Are You Rewarding Underperformance?
“This is the second month her performance has been poor. She seems to be bored and unmotivated, so I’m thinking to put her on a special project to get her excited about work again. What do you think?”
That is what my assistant manager told me while we were discussing the team’s progress. He was referring to a team member who was a good performer, but had a sudden and sharp drop in performance.
“No. That’s actually the opposite of what we should do.” I replied without hesitation.
As a perplexed look started to take shape on his face, I explained that “we would be rewarding underperformance by putting her on a special project”. The message we would be sending is ‘slack off and get rewarded with working on cool projects.‘
His predictable reaction was “we can give her a strong word of warning and clarify that this is not a reward.”
“Actions speak louder than words” was my prepackaged, generic, buzz-wordy, cliche, yet appropriate response. It won’t matter what we say because she would be getting rewarded and everyone else on the team will see and make their conclusions based on that.
The intention is a good one, but its a mistake that is easy for managers to fall into. Fortunately for me, I learned this lesson years earlier from a friend who shared with me a similar story from his work.
I preempted the assistant manager’s next question “what should we do then”. I told him we need to address the project and the individual separately. For the person, we have to sit with her and address the issue that is causing the drop in performance. If it’s something we can help with, then we will work with her to improve. If it’s a lack of effort, then we need to make it clear that she has to get her act together and improve her performance… or else.
As for the project, I told him we have to make sure we pick someone suitable for the project to start with, otherwise we would be setting him/her up for failure. More importantly, we should pick someone who has been performing well for the project. That way, we would be rewarding good performance rather than the opposite. Keeping a on the “line” work to maintain high productivity punishes strong performers, which is another side to the same mistake.
The problem with this mistake is that it yields results that are the opposite of what is intended. It’s not just managers who can make this mistake. Parents can be victims also. My cousin was a reckless driver as a teenager.

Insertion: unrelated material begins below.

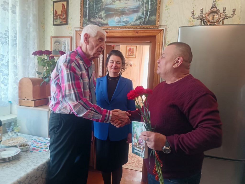 В этот знаменательный день поздравить юбиляра на дому пришли те, кто высоко ценит его вклад и заслуги. Со словами глубочайшего уважения и признательности к Григорию Захаровичу обратились глава администрации Казанского сельского поселения Л. Самолаева и председатель Совета ветеранов Верхнедонского района Г. Абакумов, которые вручили ему поздравительные адреса, подарки и букеты цветов. Также чествовать ветерана пришли и другие члены районного Совета ветеранов, создав тёплую, торжественную атмосферу. Этот визит стал не просто формальным мероприятием, а данью памяти поколению победителей и тружеников, символом преемственности и уважения к старшим.

One day he lost control of the car and drove into a street garbage bin. His mother covered things up for him so he doesn’t get into trouble. Obviously she was protecting her son, but the problem is that she was rewarding bad behaviour. When I told her that, my cousin got very angry at me. Of course she rationalized her behavior. A few years later, he had a more serious accident. Luckily he survived it with no harm, but that experience made him a much safer driver… maybe a little too safe.